So what do I think about porn? I have to say: I'm not particularly offended by it. I would agree that a lot of it is degrading to the participants, but I also think some or them are choosing to participate in it because they view bodies and sexuality differently than I do. And some of them no doubt got that from abusive pasts. Others may have chosen that route for money or because they might consider it easier/faster than going to school for years and years to build a career -- I don't respect those kinds of choices, but I suppose it's their right.

I don't watch porn myself, but one of my ex-boyfriends really liked it. It never bothered me that he watched pornography. I would have been bothered if I thought the participants were unwilling, but they were just typical porn stars (not sure what led them to choose that lifestyle, but they had chosen it). I would certainly have kept it away from children if there had been any children present.

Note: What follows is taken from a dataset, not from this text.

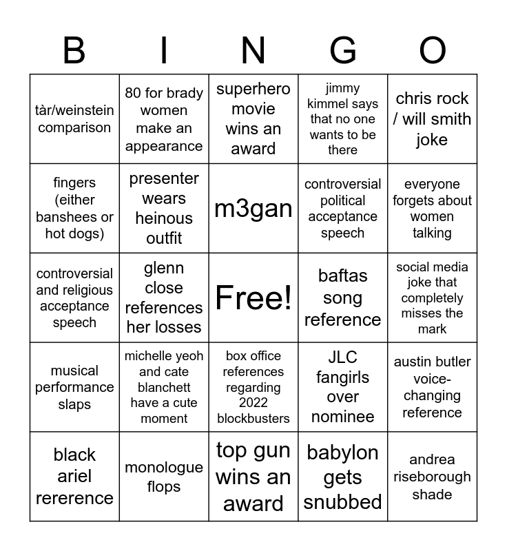 This bingo card has a free space and 24 words: michelle yeoh and cate blanchett have a cute moment, monologue flops, m3gan, black ariel rererence, chris rock / will smith joke, tàr/weinstein comparison, fingers (either banshees or hot dogs), 80 for brady women make an appearance, baftas song reference, box office references regarding 2022 blockbusters, controversial political acceptance speech, controversial and religious acceptance speech, JLC fangirls over nominee, austin butler voice-changing reference, presenter wears heinous outfit, babylon gets snubbed, social media joke that completely misses the mark, superhero movie wins an award, everyone forgets about women talking, glenn close references her losses, andrea riseborough shade, musical performance slaps, jimmy kimmel says that no one wants to be there and top gun wins an award.

And now that I've said that I don't like to watch porn, I should mention that I do like to read pornographic stories sometimes. Curious how people view those who write porn stories?

But on the subject of viewing: I have sometimes enjoyed being photographed during sex or foreplay and have liked looking at those pictures afterward. And, although I've never shared any of them with anyone other than my lover at the time, I have occasionally thought about posting one of them on the Web on a site that would want them. They aren't particularly graphic (probably more erotic than pornographic but sometimes a bit of nudity), but some part of me enjoys the thought of an unknown person out there looking at me solely as an object and becoming aroused. I guess occasionally I like being seen as a sexual object. Not all the time of course, but sometimes it feels good to be seen as an object of desire. Other times I want to be seen as a person and not an object. Maybe I have a little bit of exhibitionist tendencies, I don't know. But the fact that I sometimes think I want to do something like that (posting on the Web) leads me to think that some people in the porn industry might like what they're doing (it's not an impossible stretch for me).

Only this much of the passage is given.